The reason they are 40 cards rather than 60 is purely for retail considerations.  Less cards means slimmer packs means more product can be sold on the shelf in the same retail space.  Obviously there are savings on the manufacturing and shipping fronts as well, which also helps keep the price of the product lower.



more product can be sold on the shelf in the same retail space as what? what 60 card magic product are you talking about that is bigger than intro packs?


You're talking about specifically about being about to play the Intro Pack against a few friends, and I'm talking more playing everyone and a good starting point for beginning Magic.  Since people always criticize us more experienced players as not being the target group for this product, I reflected back on my high school days when I started playing Magic with Tempest.  You start tweaking pretty soon, esp. if your friends give you cards.  A 40-card deck is not a good starting point for tweaking.  I gave a specific example about my friend with the 40-card direct damage deck (and yes, it had 4 lightning bolts).



uh, actually a 40 card is a great starting point for tweaking. one of the more notable preferences of the new player is their distaste for removing cards from a deck. giving them a 40 card (once again, KIND OF LIKE A LIMITED DECK) and encouraging them to build it up to a 60 makes a lot of sense to me. i'm not sure why it doesn't make sense to you.

Did you have a bad experience with this once? 

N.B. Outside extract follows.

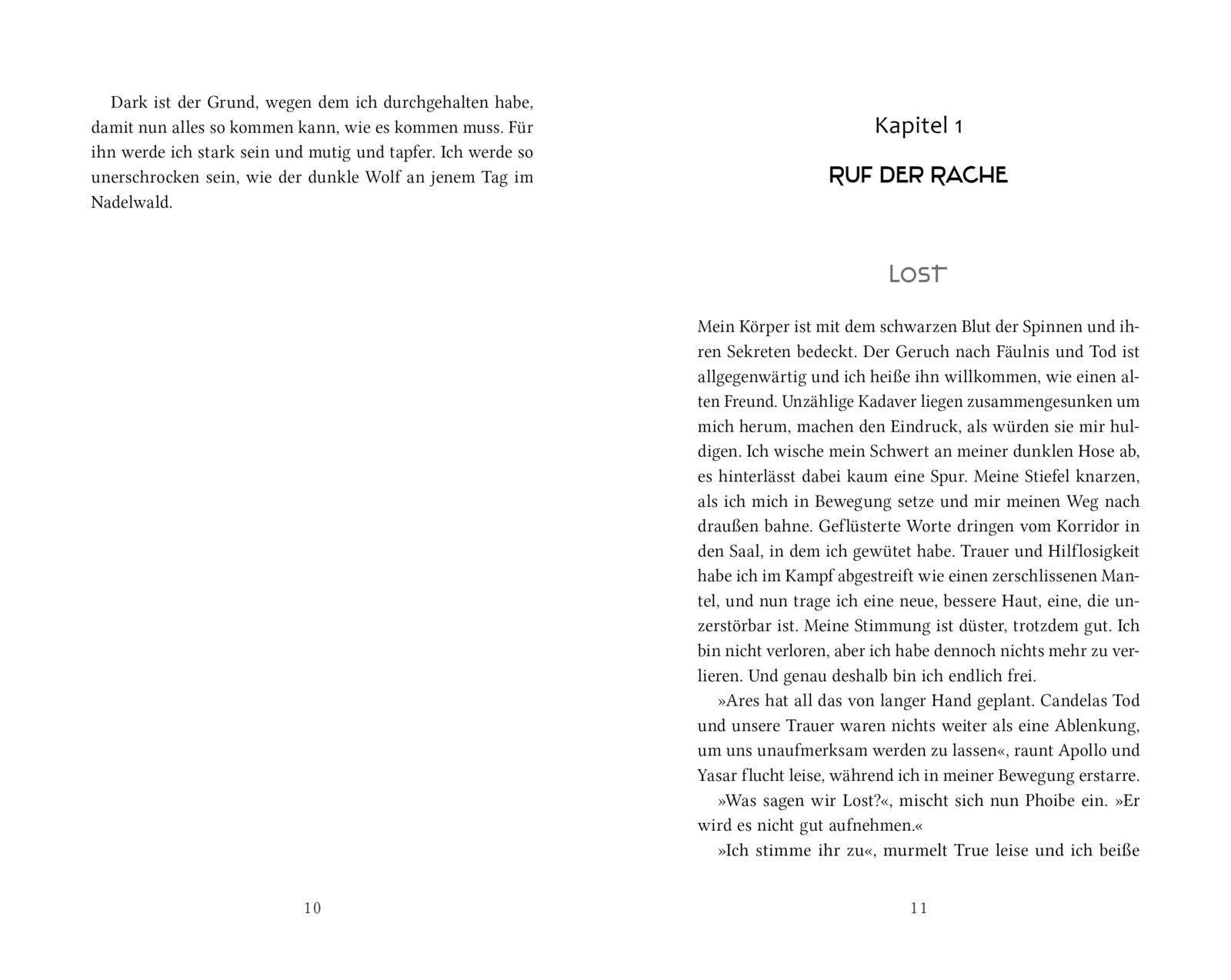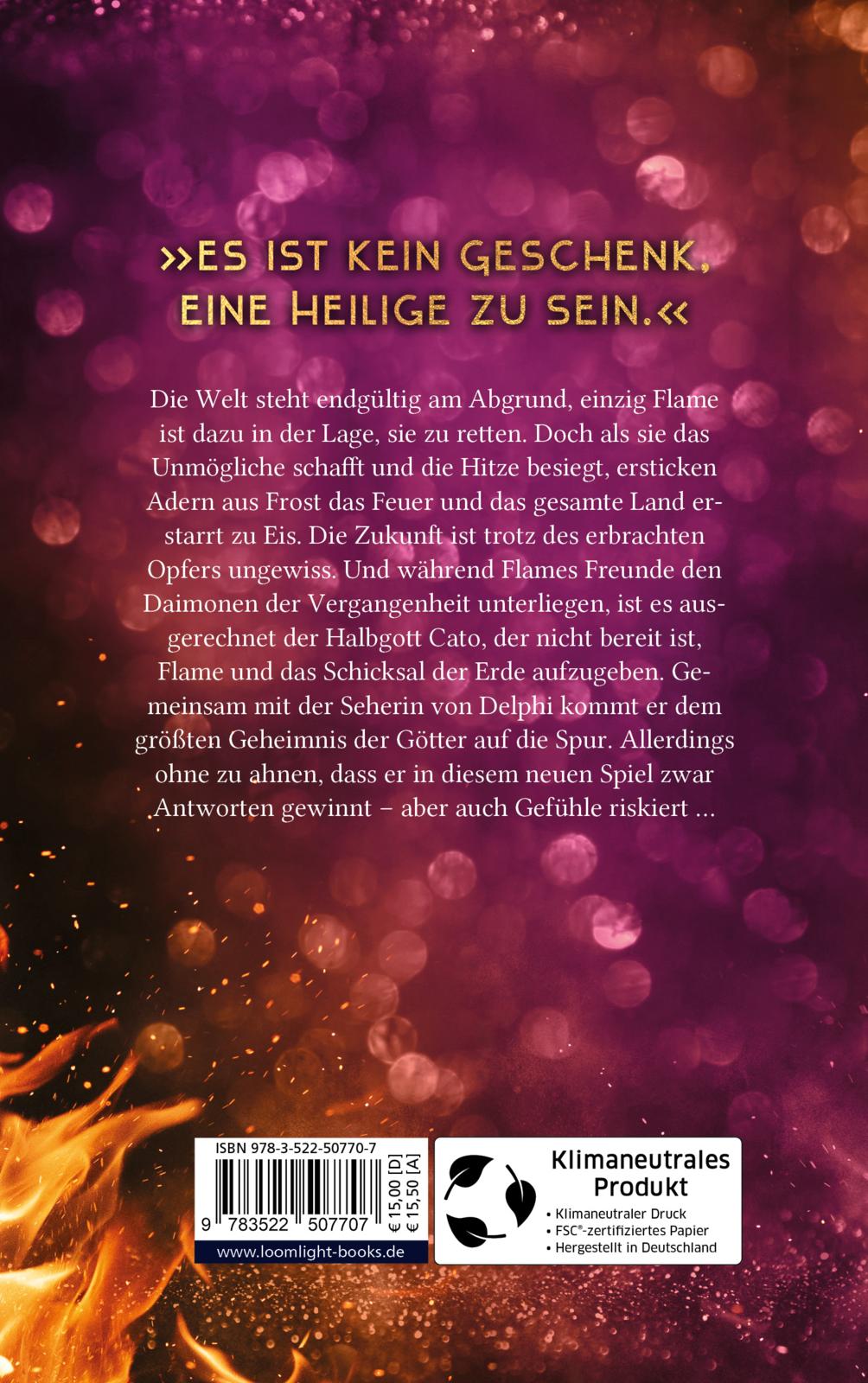Die Welt steht endgültig am Abgrund, einzig Flame ist dazu in der Lage, sie zu retten. Doch als sie das Unmögliche schafft und die Hitze besiegt, ersticken Adern aus Frost das Feuer und das gesamte Land erstarrt zu Eis. Die Zukunft ist trotz des erbrachten Opfers ungewiss. Und während Flames Freunde den Dämonen der Vergangenheit unterliegen, ist es ausgerechnet der Halbgott Cato, der nicht bereit ist, Flame und das Schicksal der Erde aufzugeben. Gemeinsam mit der Seherin von Delphi kommt er dem größten Geheimnis der Götter auf die Spur. Allerdings ohne zu ahnen, dass er in diesem neuen Spiel zwar Antworten gewinnt – aber auch Gefühle riskiert.

the bad experience i seem to keep happening is that people are saying a deck is unplayable over and over and i don't see how it's unplayable. and the continuation of this bad experience is people also seem to be ignoring the logic i give for why it's playable. regarding my experiences with 40 card decks in general, i've played 40 vs 60 and 60 vs 40 and it's not a big deal, especially with a new player.

I believe I said my friends would play me, but they would tell advise me that it's better to use a 60-card deck. 



so then the 40 card decks are playable.

Like I said, we even played against 40-card lightning bolt deck.  I also mentioned that for lunch Magic with high school kids, some kids did refuse to play.  But it's not like the right answer was to ignore them and label them as jerks.  We played them on their terms, and then we convinced them otherwise for the sake of the other new players.  It was just a bit of immaturity.



so what you're saying is they were wrong when they refused to play against a 40 card deck. that's odd, that's what i was saying.


Sorry, you lost me here.  I don't understand why I would cut down my 60-card deck to 40.



if the players you were playing against were so upset about the idea of playing against your 40 card deck they could easily cut their 60 card decks down to 40, and likely would strengthen them in the process. rather than, you know, refusing to play.